Menambahkan koleganya, peneliti dari LBH Masyarakat, Raynov Gultom menyebutkan bahwa pelaksanaan eksekusi gelombang tiga dirasakan sangat membatasi akses buat kuasa hukum terpidana untuk melakukan pendampingan. Pelaksanaan eksekusi kemarin, masing-masing terpidana mati hanya diizinkan ditemani hanya oleh satu orang kuasa hukumnya. Selain itu, hak terpidana untuk dikunjungi oleh keluarga atau kuasa hukumnya juga dikurangi.

Biasanya, lanjut Raynov, jam kunjungan mulai pukul 9 pagi sampai 4 sore. Saat itu, kunjungan baru dimulai sejak pukul 12 sampai pukul 4 sore. Selain itu, ada semacam kebiasaan yang kali ini tidak dilakukan dimana saat pelaksanaan eksekusi tahap sebelumnya, saat H-1 eksekusi dilakukan briefing mengenai teknis pelaksanaan eksekusi. Selain itu, saat pelaksanaan eksekusi kemarin, pengamanan cukup ketat dimana ada semacam pendaftaran plat nomor kendaraan rombongan berkenaan kegiatan eksekusi. “Ini batasi hak terpidana untuk bertemu keluarga dan kuasa hukumnya,” sebutnya.
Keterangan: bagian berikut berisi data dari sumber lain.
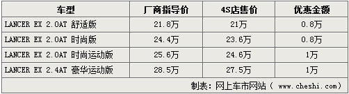 以純進(jìn)口車身份銷售的三菱LANCER EX上市后,憑借上佳的質(zhì)量及性能受到消費(fèi)者喜愛。據(jù)網(wǎng)上車市網(wǎng)站得到的消息,近期北京各家進(jìn)口三菱經(jīng)銷商處已經(jīng)出現(xiàn)了價(jià)格松動(dòng),除低配車型優(yōu)惠仍為8000元外,2.0L高配車型以及頂配的2.4L豪華運(yùn)動(dòng)版車型均可給出10000元優(yōu)惠。詳情如下: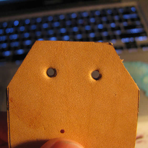 Cortar dos piezas de cuero en esta forma. Perfore dos orificios de agujero como tal. Pintura.

Dalam kesempatan yang sama, peneliti dari ICJR, Erasmus Napitupulu mengungkapkan bahwa besar harapan koalisi pada Komisi Kejaksaan untuk segera membuat rekomendasi kepada Kejaksaan Agung. Ia berharap agar Komisi Kejaksaan bisa melihat eksekusi mati ini lewat bingkai yang lebih luas. Bagi Eramus, yang paling penting Komisi Kejaksaan bisa membantu menjawab teka teki apa alasan yuridis dan non yuridis yang sering dikemukakan oleh pihak Kejaksaa Agung. “Koalisi juga sudah lakukan beberapa upaya mengenai temuan mengenai mal administrasi pelaksanaan eksekusi kepada pihak Ombudsman 9 Agustus 2016,” kata Eras. (Baca Juga: 10 Hal yang Perlu Anda Ketahui tentang Hukuman Mati)

Sebatas Rekomendasi
Kepada hukumonline, Indro memungkinkan dalam agenda rapat pleno komisioner yang digelar besok Kamis, 11 Agustus 2016 ditetapkan tiga komisoner Komisi Kejaksaan yang menjadi bagian dari tim khusus untuk menelaah lebih dalam atas laporan dari sejumlah pihak dengan catatan dan kuorum kehadiran terpenuhi. Artinya, minimal rapat pleno dihadiri oleh lima orang komisioner Komisi Kejaksaan.

“Kita ingin bekerja secepat-cepatnya, tapi juga ingin bekerja sedalam-dalamnya dan se konkret-konkretnya. Kamis, akan ditanyakan perkembangannya. Tapi bergantung kuorum atau tidak. Minimal lima,” sebut Indro.

Berkaitan dengan aduan yang dilaporkan terkait eksekusi mati, Indro menilai hal tersebut lebih masuk pada aspek kebijakan pelaksanaan eksekusi di Kejaksaan Agung. Secara kewenangan, lanjutnya Komisi Kejaksaan bisa memberikan rekomendasi perbaikan kebijakan melalui Jaksa Agung.

“Masalah ini, kan pada policy, kita punya kewenangan kepada Kejaksaan untuk memberikan perbaikan kebijakan termasuk dalam penanganan perkara, SDM, atau organisasi. Nanti kita sampaikan ke Jaksa Agung,” tutup Indro.